It’s Okay to Have Half-Assed Friends…

It wasn’t until this past weekend visiting home that I realized and understood what a good friend really is. I was dreading the thought of it – being home without a car, staying at my Grandmothers depressing house, having nowhere to even go! I knew the general routine – I spent time with my family and that was that. Rarely did I go home and spend any time with friends from home. It had gotten to the point that they have gone on with their lives without me. Yeah, we still kept in touch and were the same good pals we always were when we did hang out, but my effort was the only one that was present. Relentless texts and calls, to the point my brother snapped, “Are you kidding me? No, do not text her again. Why do you even try,” with a sassy ‘ugh’ and an eye roll. I realized then that I was just making a fool of myself. So, this weekend in particular, I made it clear in advanced that I would be home for the weekend. I wasn’t expecting them to drop their plans at my beck and call because I just so happened to be in town. Yet as predicted, they never called. But it was this visit home in particular that I truly felt I needed them, their comfort, the distraction. And still, nothing.

I had arranged a ride from the airport from a very close family friend who I have known for years, mainly for being best friends with my older brother, but had grown closer to me in the past year or so. She was there to get me, and how grateful I felt. I was intent on expressing my gratitude and desire to spend the day together after I got in, and we did just that. We had spoken briefly of spending some time the next day together as well, but I knew how that went. People have lives, they’re not always there to spend time with me when I need to. Life doesn’t stop for me, nor did I expect it to. It was destined to not happen. And yet it did. She was my mediator for an awkward brunch, my reliable driver and laughter for long car rides to visit my brother, my puppy cuddling, relationship gossiper for the rainy afternoon and she even chose dinner with me over it with her boyfriend. It was all so nonchalant, so natural, so easy. I went away, back to my second home, content and looking happily on the weekends visit – something I didn’t think I would feel. It was then that I realized good friends do exist, and after twenty-one years, I finally had one.

I’m a hopeless romantic, which means I’m an over-emotional, over-caring love giver in all types of relationships I get myself into, and it has always been hard to remember that not everyone is as caring and loving as I am. I would drop anything and everything for someone I care about, and never felt like anyone ever did the same in return, but that’s just who I am. Through much stress and frustration, it is not till this very day that for the first time I’m really starting to understand friendships, on a level I never thought possible, which is why I share this with you…

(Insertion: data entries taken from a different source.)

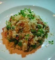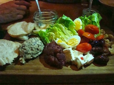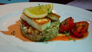 Em seguida Risotto de fiambre fumado, ervilhas e menta para dois, Arabesque: queijo halloumi grelhado na brasa com salada tabbouleh e molho de pimento vermelho para mim e o The Larder Antipasto: hummus, azeitonas kalamata, terrina de cogumelos, tostas, queijo feta e salada para a Ana partilhar com o Tomás.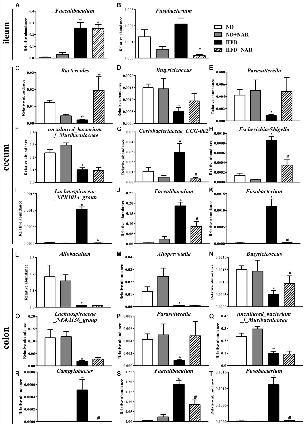 優(yōu)勢菌屬和差異菌屬熱圖顯示,補充N(xiāo)AR改變了HFD誘導的腸道細菌變化(圖6D-F)。與ND組相比,HFD組盲腸中Coriobacteriaceae_UCG-002、Escherichia-Shigella、Faecalibaculum、Fusobacterium、Lachnospiraceae_XPB1014_group、Parvibacter、Ruminococcaceae_UCG-005和Turicibacter相對豐度較高,Campylobacter、Dubosiella、Faecalibaculum和Fusobacterium在結腸中相對豐度較高,Bacteroides在盲腸中相對豐度較低,Butyricicoccus在結腸中相對豐度較低。NAR處理逆轉了這些效果。與ND組相比HFD飼喂小鼠腸道菌群顯示Butyricicoccus、Parasutterella和uncultured_bacterium_f_Muribaculaceae在盲腸中相對豐度較低,Allobaculum、Alloprevotella、Lachnospiraceae_NK4A136_group、Parasutterella和uncultured_bacterium_f_Muribaculaceae在結腸中相對豐度較低,Faecalibaculum在回腸中相對豐度較高。HFD+NAR組Bradyrhizobium、[Eubacterium]_nodatum_group、GCA-900066575、Jatrophihabitans、Massilia、Peptococcus、Sphingomonas、uncultured_bacterium_o_Acidobacteriales、uncultured_bacterium_f_Micropepsaceae和uncultured_bacterium_f_Xanthobacteraceae在盲腸中相對豐度較高,Bacteroides、Bradyrhizobium、Candidatus_Solibacter和 uncultured_bacterium_f_Xanthobacteraceae在結腸中相對豐度較高,Fusobacterium在回腸中相對豐度較低。圖7為相對豐度改變的細菌統計結果,這些結果表明NAR調節了HFD小鼠腸道細菌。
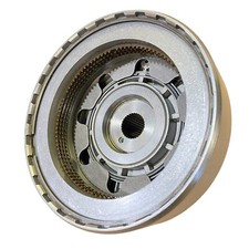 E40D Transmission Forward Drum 4 Clutch. This full-spline forward drum is also compatible with C6 transmissions. This used part is checked for outer and inner spline wear. Only heavily burned and black clutches are rejected.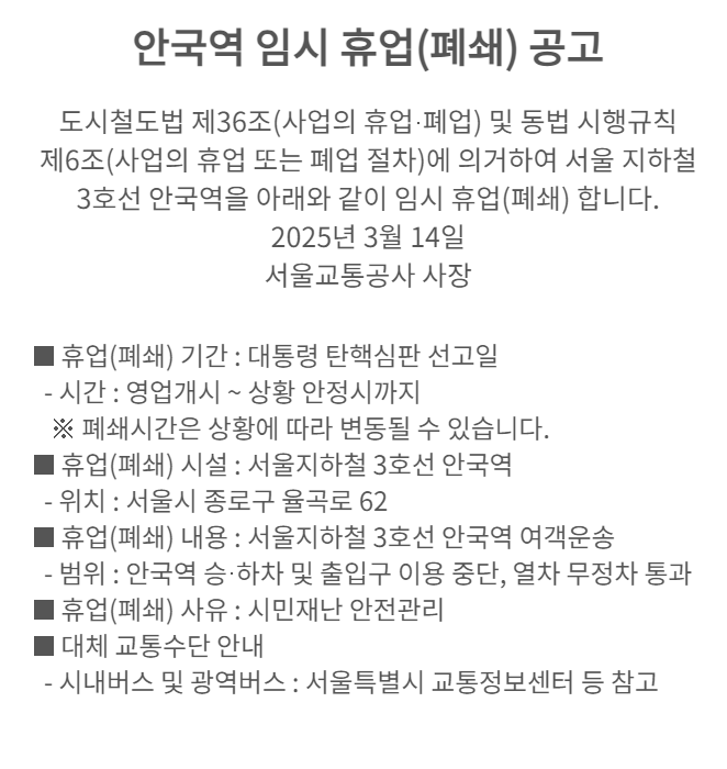 4월 4일 헌법재판소의 탄핵 심판 선고로 안국역 주변 지역의 교통이 크게 통제됩니다. 지하철 이용 계획이 있다면 반드시 사전 정보를 확인하고, 필요에 따라 대체 경로를 마련해두는 것이 좋습니다. 미리 준비하면 큰 불편을 피할 수 있습니다.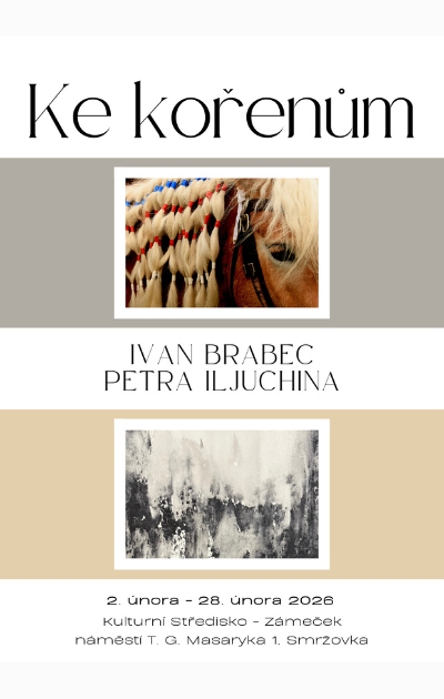 Výstava Ke kořenům se koná v únoru ve výstavní síni smržovského Zámečku. Výstavu tvoří tři samostatné a zdánlivě nesouvisející soubory - obrazy Petry Iljuchiny a dva fotoreporty Ivana Brabce.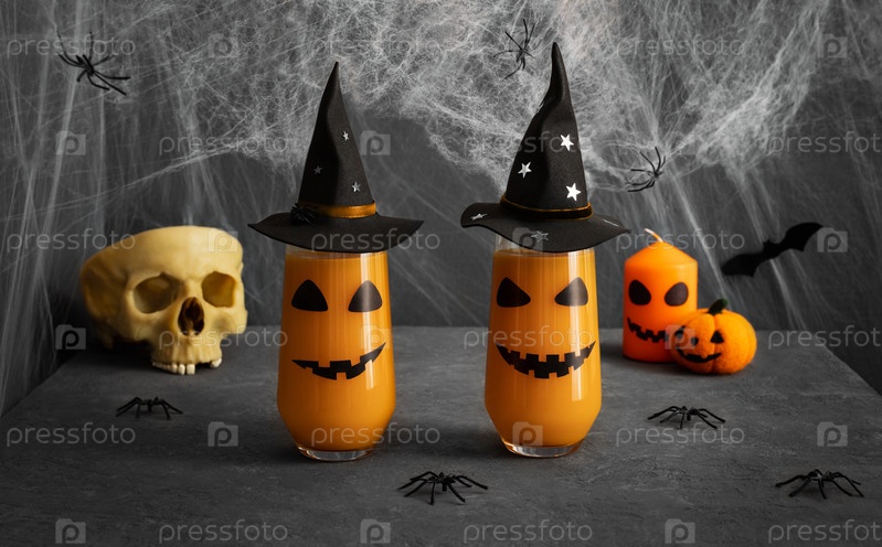 Хэллоуинские напитки в стаканах с ведьминскими шляпами на сером фоне. Украшения для сервировки стола на Хэллоуин с паутиной, черепом, свечами и пауками

IT’S OKAY TO HAVE HALF-ASS FRIENDS. Lots of people half-ass their entire lives. Yeah, no, this is no excuse and doesn’t mean it’s okay to have bad friends, but it takes a lot of understanding to realize that even some of the half-ass ones are good friends.

A good friend is a different definition for everyone, but we all know the basic rules and that it takes caring and loving. It takes being there for that person when it really counts; maybe not for all of the weekend visits or random phone calls but when when they miss your birthday two times in a row, thats a deal breaker. When you need a shoulder and they’re never there, deal breaker. When you’re the one waiting all day to spend time with them and cancel all other plans and they go hang with other friends instead, deal breaker (yup, I’ve had to learn the hard way). These are pretty understandable things, but its tough realizing that not all people are going to be as caring as some, and they really just can’t. For many, it’s not in their genes. Not everyone is equal amounts of caring or giving or appreciative or reliable. And it’s not true, that ‘if they’re a real friend, if you really connect and bond and are soul mates, they will be the most caring and loving no matter what’ (this goes for relationships too). Its not like the movies for every person. It’s not all thoughtfulness and love and caring. they may not go to extremes for you like what you would do for them. It’s not taking it personally and understanding that that’s just who they are. It doesn’t mean that they’re not good friends, they may love you unconditionally, be there for you when it counts, and love you just as much as you love them, but don’t have the same level of understanding and ideals in terms of commitment and care that you do. But what makes people best friends are the ones who connects with you because you share the same level of understanding and desire in terms of being a good friend; they would do the same for you that you would do for them.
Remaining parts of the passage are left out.